Donald Trump will be, on Jan. 20, the 45th President of the United States of America. I finally wrote it. This is a very painful sentence to write.
Registered Democrats, thoughtful Independents and reasonable Republicans are extremely anxious if not downright disturbed about what the next four years will bring. The country, as we all know, actually chose Hillary Clinton. She received 2.8 million more votes than Trump. But because of some vestigial organ called the electoral college, the loser was declared the winner.
The first thing the 115th Congress should do is do away with the electoral college and repair democracy by instituting a system in which the person who gets the most votes wins. Send this major and essential change out to the states and have 38 states ratify this constitutional amendment in record time. Then our new, improved and truly democratic system will be ready for the 2020 presidential election.

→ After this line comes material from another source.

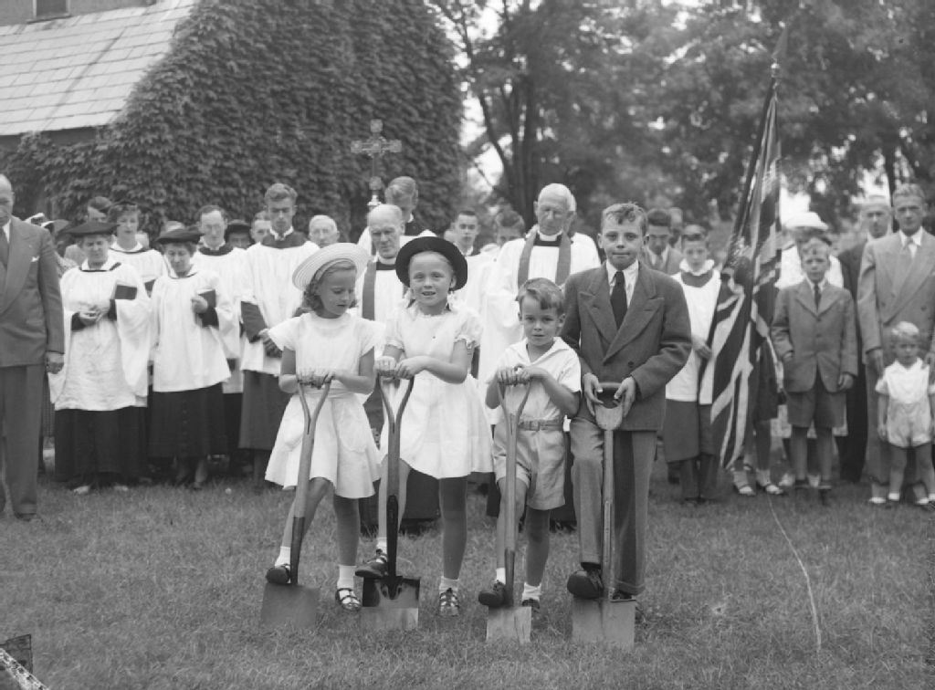 Cérémonie marquant le début des travaux d'érection de l'église anglicane Saint-Phillips, située sur la rue Sherbrooke Ouest à Montréal-Ouest. Nous remarquons les filles et les garçons avec leur pelle, le pasteur anglican, la croix de procession et les membres de la chorale vêtus de leur costume religieux ainsi que le drapeau Union Jack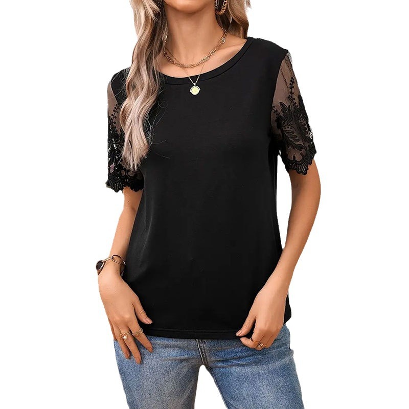 ins cross-border women's clothing 2024 Summer new elegant knitted patchwork round neck T-shirt loose mesh stitching top

The issue of conflict of interest as it applies to Donald Trump’s financial dealings will haunt this president for his entire time. It is hard not to believe that this alone will trip him up at some point. It is not too far-fetched to envision impeachment proceedings, conviction and removal from office. Or a resignation “a la Nixon.” Then we will be talking about President Pence.
For the purposes of this column, let’s assume that Trump serves a full four-year term. The first thing he should do is stop tweeting. His words may be wildly misinterpreted and we all could be the victims of his un-presidential utterings.

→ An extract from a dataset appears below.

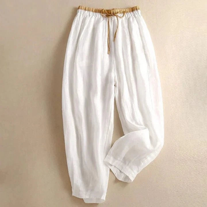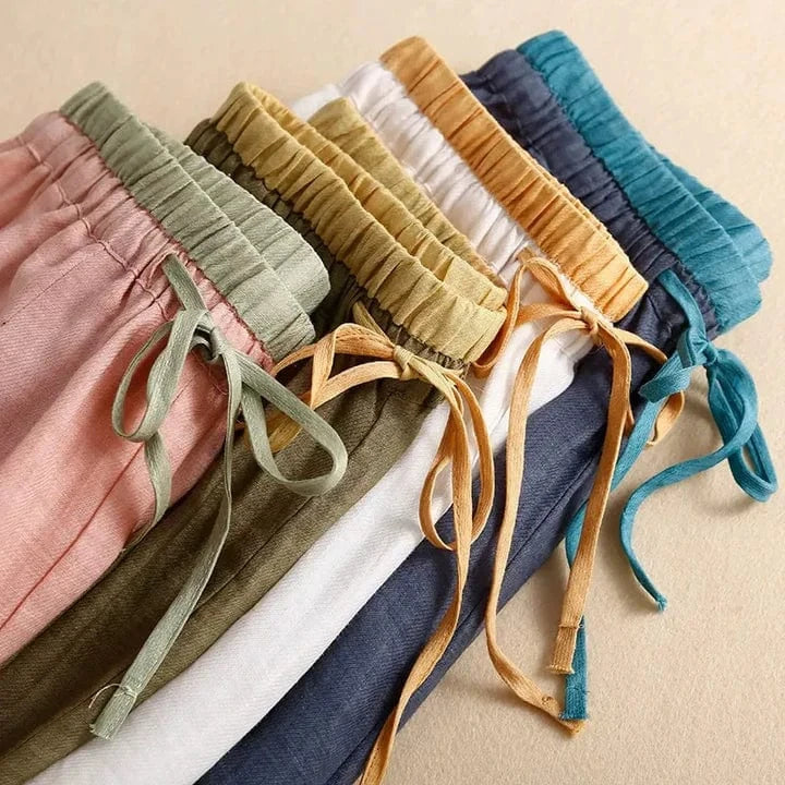 A whisper of summer caught in every thread. These gossamer linen pants are thoughtfully constructed with an easy drape, cinched waist, and a lightness that travels with you—from cobblestone streets to barefoot mornings at home.

Second, the new president should take up reading. I don’t expect him to be a scholar, but policy should not be formulated and decisions of global importance made by watching “the shows.” His initial personnel decisions for the cabinet and other high offices seem to have only one thing in common: you must be rich. Fabulously rich.
The U.S. Senate hopefully will reject some of the most odious choices (Sessions at Justice, DeVos at Education, Puzder at Labor, Price at Health and Human Services). We will soon find out if there are any “Profiles in Courage” on the Republican side of that august body.
Finally, Mr. President-elect, surprise me and the entire country and make your inaugural speech inclusive, uplifting and inspiring. Jimmy Carter, Bill and Hillary Clinton and even George W. Bush will be there. Class up your act!